Они не стали включать музыку, негромко бормотало настроенное на спортивную волну радио. Райни вел машину, Лиз смотрела в окно, она была сегодня очень молчалива. Райни много раз хотел заговорить с ней, но, ей Богу, не представлял, что сказать. Выразить сочувствие? Спросить, бывала ли она на отпеваниях и похоронах прежде? Но Лиз заговорила сама.
- Сегодня будет много людей в церкви?
- Я не знаю.
- Маму многие любили. И не любили тоже многие.
- Я думаю, придут и те, и другие, - осторожно ответил Райни.
- Почему?
- Так принято.
- Мама никогда не ходила в церковь и на кладбища, - сообщила Лиз. – Она говорила, что мертвым все равно, пришла она или нет, а с живыми она как-нибудь без этого разберется.
Райни чуть улыбнулся. Это было, наверное, похоже на Карин. Лиз продолжила:
- Она говорила, что не нужно грустить – люди живут столько, сколько им отмерено.
- Верно, но это не значит, что не нужно грустить. А почему вы об этом говорили?
- Потому что Николас умер, и мама не пошла на его похороны. Хотя он оставил ей… забыла слово. Дом и деньги и картины.
- Наследство.
- Да, это. У Николаса была другая жена, и он ничего ей не оставил. Все только маме.
«Вот это номер! – отметил Райни про себя. – Понимаю, почему она не пошла на похороны. Законная жена показала бы ей небо в алмазах». Спросил:
- Это тот, который оставил дом в Женеве?
- Да, он. Он умер в аварии. Он собирался развестись со своей женой и жениться на маме, но мама сказала, что не хочет жениться на нем.
- Выходить за него, - машинально поправил Райни. Эта история стала казаться ему немного странной. Если Лиз ничего не перепутала, неведомый ему Николас был любовником Карин и хотел на ней жениться и решил развестись с женой, но очень своевременно погиб в аварии. Но все его имущество было завещано не законной жене, а любовнице. Может быть, это и объяснило, почему у Карин оказалось так много денег, хотя она закончила карьеру больше десяти лет назад, и с тех пор ничего не зарабатывала, а только активно тратила.
Да, Райни платил ей немало денег на содержание Лиз, на эти деньги вполне можно было прилично существовать вдвоем и содержать дом, но Карин жила очень даже на широкую ногу. Возможно, это благодаря наследству Николаса. Но, какая теперь разница?
От этих мыслей его отвлек звонок сотового. Развеселый хит Спайс герлз поведал, что звонит Фил.
- Здорово, - сказал Райни.
- Привет. Слушай, я только что услышал. Ну, это. Что твоя бывшая жена погибла.
- Молодец, об этом объявили позавчера вечером.
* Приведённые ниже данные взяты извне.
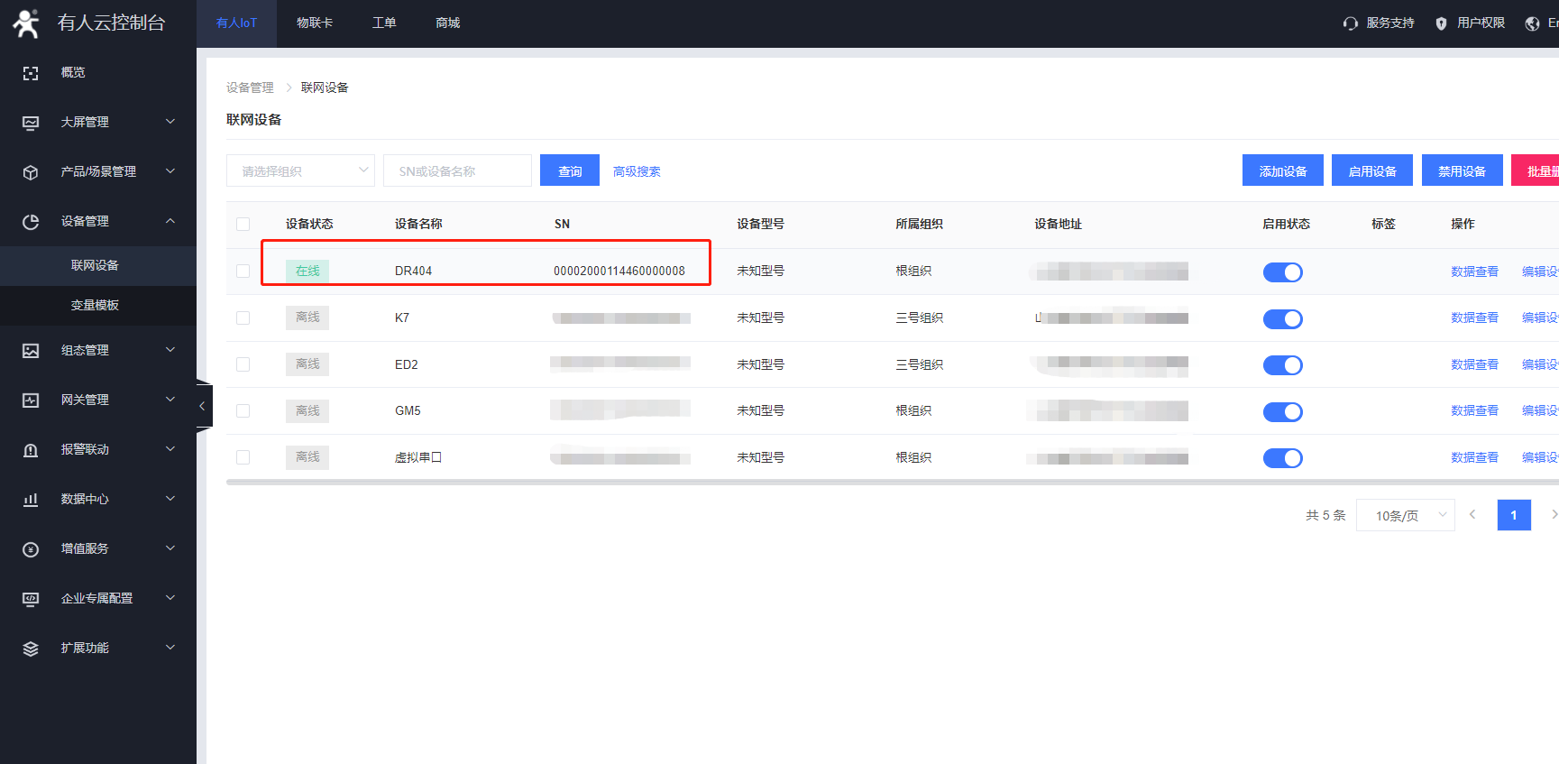 1、登錄有人云平臺--網關管理--添加網關--開啟有人云透傳。

- Я вчера был занят и не слушал новости.
Ну ясно, подумал Райни. Когда Сопляк обитал в Сембранше, вся ночная жизнь Вербье была к его услугам – отрывался после строгих правил родительского дома в Берне. Фил деловито поинтересовался:
- И что теперь?
- В каком смысле?
- Ну, твоя дочь. С кем она теперь?
- Со мной.
- Во как, - озадаченно сказал Сопляк. – А ты маме с отцом звонил?
- Нет еще. Позвоню сегодня.
- А ты ее насовсем забрал?
- Да, - твердо ответил Райни.
- Прикольно, - прокомментировал ребенок (шестнадцать, но для старших братьев, как и для родителей, он пока так и оставался ребенком, сопляком… любимым, балуемым, милым недорослем).
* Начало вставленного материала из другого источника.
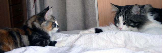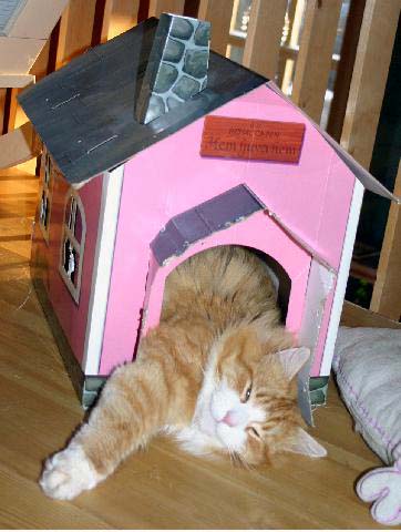 Till sist en bild på vår lejonkung på sitt favoritsovställe. Att han börjar bli för stor för det lilla huset han fick som kattunge verkar inte beröra honom nämnvärt. |

- Не то слово, - согласился Райни. - Ну пока.
- Пока. Ой, погоди. Забыл совсем. Тебе звонили, - Фил начал перечислять тех, кто по какой-то причине не знал, что Райни на финале КМ и звонил ему домой. И добавил: - А вчера звонила какая-то настырная телка. Просила твой сотовый.
- Дал?
- А что, Аннабель уже сбежала с арабским шейхом?
- Иди ты… далеко.
- Она сказала, что у нее типа был твой номер, но она потеряла его. Ее зовут Сильви Готеро. Знаешь такую?
- В первый раз слышу.
- Она типа секретарша в Тьерри Бонне.
- Гон. Секретаршу там зовут Мари-Эжени Карлен.
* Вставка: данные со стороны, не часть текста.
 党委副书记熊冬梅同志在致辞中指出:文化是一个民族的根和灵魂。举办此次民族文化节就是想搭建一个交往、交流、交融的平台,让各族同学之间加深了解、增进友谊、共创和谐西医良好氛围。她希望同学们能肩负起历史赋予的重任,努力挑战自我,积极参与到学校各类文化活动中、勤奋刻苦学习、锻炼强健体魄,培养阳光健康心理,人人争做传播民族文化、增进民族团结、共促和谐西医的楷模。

- Ага, я так и подумал, что она меня типа разводит. Правильно, значит, номер не дал.
- Правильно. Пойди возьми с полки пряник.
- Ну ладно, - сказал Сопляк и отключился. Райни тут же выкинул из головы «настырную телку». Знакомое дело, уже оскомину набило, но ничего тут не поделаешь. Реалии жизни любого спортсмена, особенно если он успешен и хорош собой, включают в себя и надоедливых фанаток, которые идут на любые ухищрения, только бы раздобыть номер его отельного люкса, электронную почту или номер мобильного телефона. Некоторые были весьма изобретательны. Как-то раз в Валь д’Изере деваха продемонстрировала охране в отеле мастерски подделанную подпись Райни, выведенную маркером на ее левой ягодице, и поклялась, что это пропуск в его номер. Они удивились, но подпись была признана настоящей, и деваху проводили к нему в номер. Но ей это не помогло – Райни никогда не был любителем рискованного пик-апа, и выставил выдумщицу вместе с подписью на заднице. А в другой раз – это было, кажется, в Бивер-Крик…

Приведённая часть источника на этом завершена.